According to the above-mentioned conventional example 1, since the water level control change width is narrow, the dependency of the third water level detection electrode D at the time of low combustion becomes high, and when this electrode fails. Have problems such as overheating of water pipes, difficulty in setting proper water level zone, and frequent pump start / stop. Further, according to the conventional example 2, when the water level detector fails, the combustion is stopped.
There is a problem of having to do it. The present invention addresses these
In addition to solving the problem, at the time of water level detector failure and startup
Boiler water level control device that can reliably prevent overheating of water pipes
It was made for the purpose of providing .

[0004]

According to the present invention, there is provided a can body in which a substantially vertical water pipe is connected between an upper pipe header and a lower pipe header, and a separator connected in communication between the upper pipe header and the lower pipe header. A first water level controller connected in communication between the upper header and the lower header, a second water level controller connected in communication between the separator and the lower header, and the water pipe for at least high combustion and low combustion. In a steam boiler including a burner for heating to, and a pump for supplying water to the can body,
A first water level detecting means and a second water level detecting means which are respectively provided to detect low and high water levels in the first water level controller, and a third water level detecting means for detecting a predetermined water level in the second water level controller .
Water level detection means, and controls the pump based on the water level detection of the first water level detection means during high combustion to bring the water level inside the can to a predetermined high combustion water level and the second water level detection means during low combustion. of the can body water level by controlling the pump based on the water level detection of a predetermined controls, respectively to a low combustion level of superheat limit water level detection level of the low combustion state and at high burn of the third level detecting means Set it to the higher side, and when high combustion
No water in the first water level detecting means and water in the third water level detecting means
The second water level is detected under the OR condition of "without" and when the combustion is low.
OR condition of no water of means and no water of third water level detection means
Then, each of the pumps is turned on.

[0005]

According to the present invention, the water level inside the can is controlled to be low based on the water level detected by the first water level detecting means when the burner is highly burning, and the can based on the water level detected by the second water level detecting means when the burner is low. The body water level is controlled to be high. Separator and lower tube
Detects the water level in the second water level controller, which is connected in communication with each other
Third level detecting means for sets the detection level to the higher superheat limit water level at low combustion period and a high combustion, during high combustion
Of the first water level detecting means and the third water level detecting means
Under the OR condition with no water and at the time of low combustion, the second water level test
OR Article for Water Out of Outlet Means and Water Out of Third Water Level Detection Means
In this case, since the pumps are configured to be turned on respectively, the pumps are the first water level detection means during high combustion or the third water level detection means.
The water level detector, also at low combustion would be ON by the second level detection means or the third level detecting means, first, not only when a fault occurs in the second level detecting means, ball
Overheating of the water pipe at the time of starting the irradiator may cause the third water level detection
Prevented by no water detection .

[0006]

DETAILED DESCRIPTION OF THE PREFERRED EMBODIMENTS Specific embodiments of the present invention will be described in detail below with reference to the drawings. The embodiment shown in the drawings shows, as an example, a square-flow once-through steam boiler,
FIG. 1 is an explanatory view showing the outline of an embodiment of the present invention.

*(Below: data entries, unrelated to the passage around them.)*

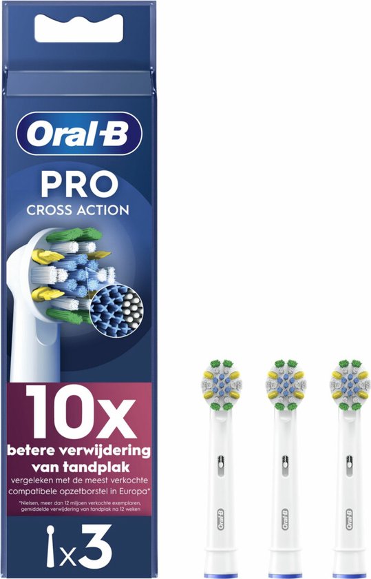 Oral-B Opzetborstels Pro Floss Action <p>De Oral-B Pro Floss Action opzetborstel beschikt over speciaal ontwikkelde MicroPulse-borstelharen die tandplak losmaken om tot 100% meer tandplak te verwijderen dan een gewone handtandenborstel. Echte Oral-B opzetborstels zijn ontworpen met nieuwe X-vormige borstelharen die reinigen op plaatsen waar ronde borstelharen niet bij kunnen. Dankzij de gebruiksindicator op de borstelkop veranderen borstelharen van groen naar geel om u te laten zien wanneer je hem moet vervangen om een 100% reinigende werking te behouden. Gegarandeerd geschikt voor Oral-B oplaadbare tandenborstels behalve Pulsonic en iO tandenborstels.</p> <ul> <li>Alleen echte Oral-B opzetborstels hebben X-vormige borstelharen die reinigen op plekken waar gewone borstelharen niet bij kunnen voor een optimale reiniging</li> <li>De Oral-B Floss Action heeft unieke interdentale borstelharen om diep tussen de tanden te reiken en tandplak weg te vegen</li> <li>Gegarandeerd geschikt voor Oral-B oplaadbare tandenborstels behalve Pulsonic en iO tandenborstels</li> <li>Gebruiksindicator voor borstelkop: borstelharen veranderen van groen naar geel om je eraan te herinneren wanneer je hem moet vervangen om een 100% reinigende werking te behouden</li> <li>Oral-B is het meest gebruikte tandenborstelmerk door tandartsen wereldwijd met klinisch bewezen resultaten</li> <li>10x betere tandplakverwijdering dan Europa’s meest verkochte compatibele opzetborstel*</li> </ul> <p>* Nielsen sales van de afgelopen 12 maanden. 12 weken gemiddelde tandplakverwijdering</p>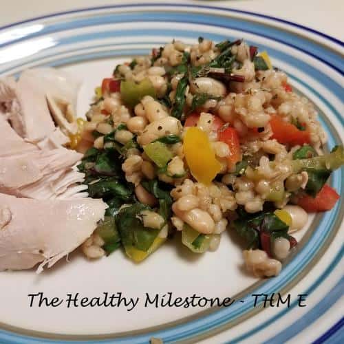 Low fat, gentle-on-blood-sugar barley, northern beans, multicolored peppers, and deep, green Swiss chard come together in low fat broth for a delicious, nutritious THM E side dish.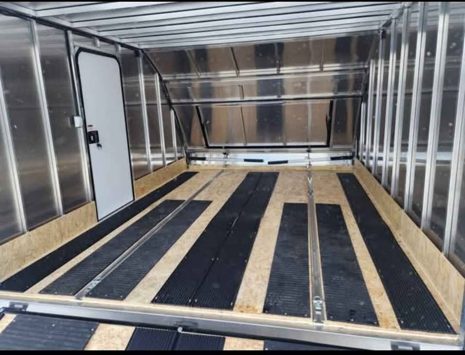 NITRO HYBRID Standard OptionsAll Aluminum Construction 28″x60″ Radius Side Access Door LED Lighting 3/4″ Decking .030 Screwless Side Panels 32″x72″ Front Hatch Door Torsion Braked Axles Hingeless Rear Flap 1 Piece Seamless Roof LED Dome Lights Wheel Jack 2 Rows of Tie Down Track 8″ Kickplate Side Vents Side Step A-Frame Coupler |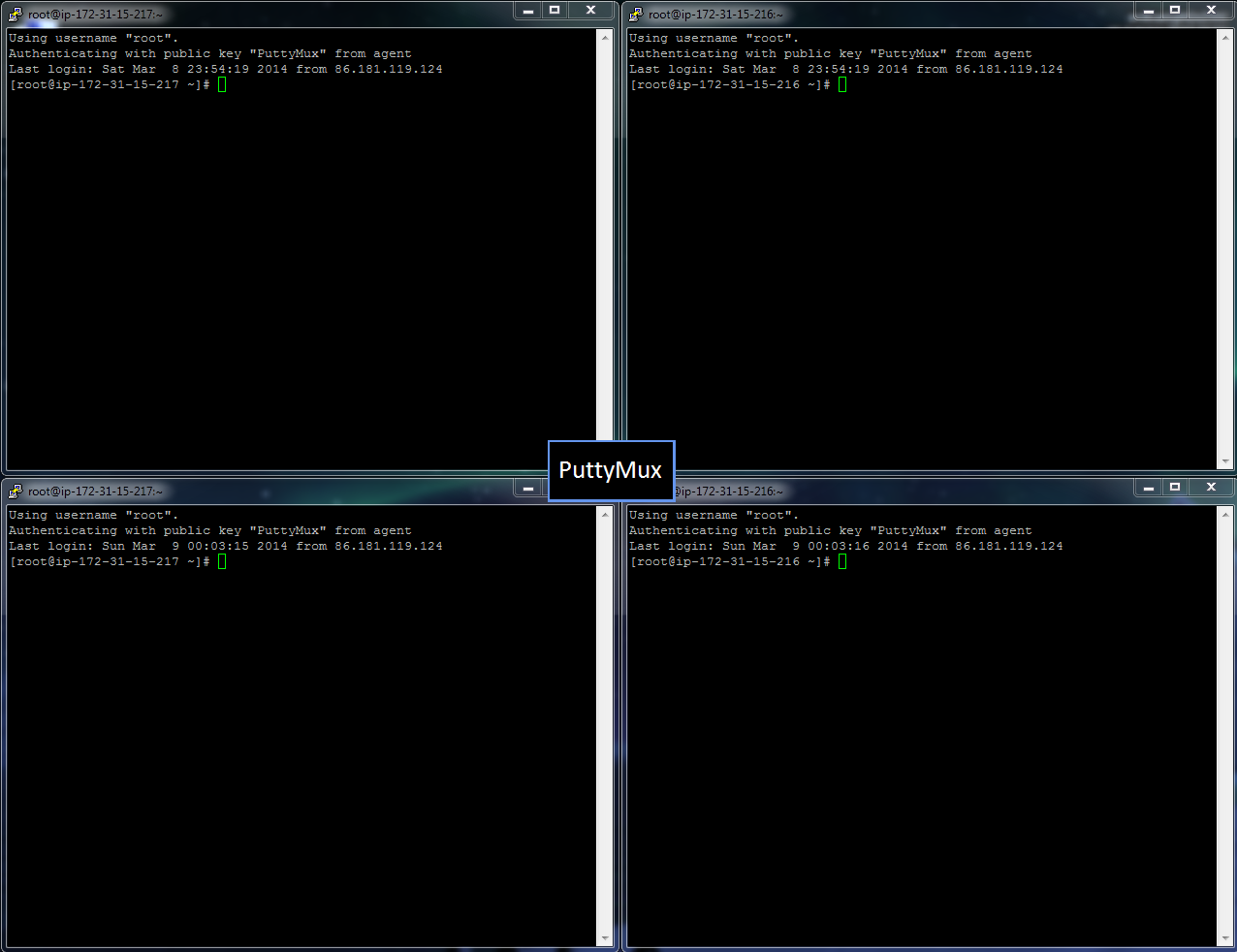 我写了一个小实用程序,允许我多路输入到多个终端窗口;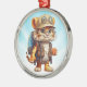 Glatt Tiger Unge med ryggsäck och kaffe Julgransprydnad Metall

In FIG. 1, reference numeral 20 denotes a rectangular can body with a can body cover (not shown) covering both side surfaces in a longitudinal direction (direction A in which a combustion flame and a combustion gas flows) removed.
Numerous substantially vertical water tubes between the upper header 21 and the lower header 22
23, 23 are connected in plural rows in the longitudinal direction and in plural rows in the lateral direction (perpendicular to the paper surface), a burner 24 such as a planar combustion burner is provided at one end in the longitudinal direction, and combustion gas is discharged from the other end. Is configured as follows. Reference numeral 25 denotes a water supply pump for supplying water into the can body 20.

[0008] 26 is a separator connected between the upper header 21 and the lower header 22 by a vapor take-out pipe 27 and a downcomer pipe 28, and 29 is a cylindrical tubular member provided between the upper header 21 and the lower header 22. 1 water level controller, each detection end is a water level controller 29
Fourth, first, and second water level detection electrodes L, M, S are inserted so as to detect predetermined low, medium, and high water levels therein. First
The water level detection electrode M turns on the pump 25 based on the detected water level.
By controlling N (start) -OFF (stop), the water level inside the can during high combustion is controlled to a predetermined low water level, and the second water level detection electrode S turns on (starts) the pump 25 based on the detected water level.
By controlling OFF (stop), the water level in the can body 20 is controlled to a predetermined high water level at the time of low combustion, and the fourth water level detection electrode L stops the combustion of the burner 24 in an interlock state when detecting the absence of water. It is for cutting off low water level combustion.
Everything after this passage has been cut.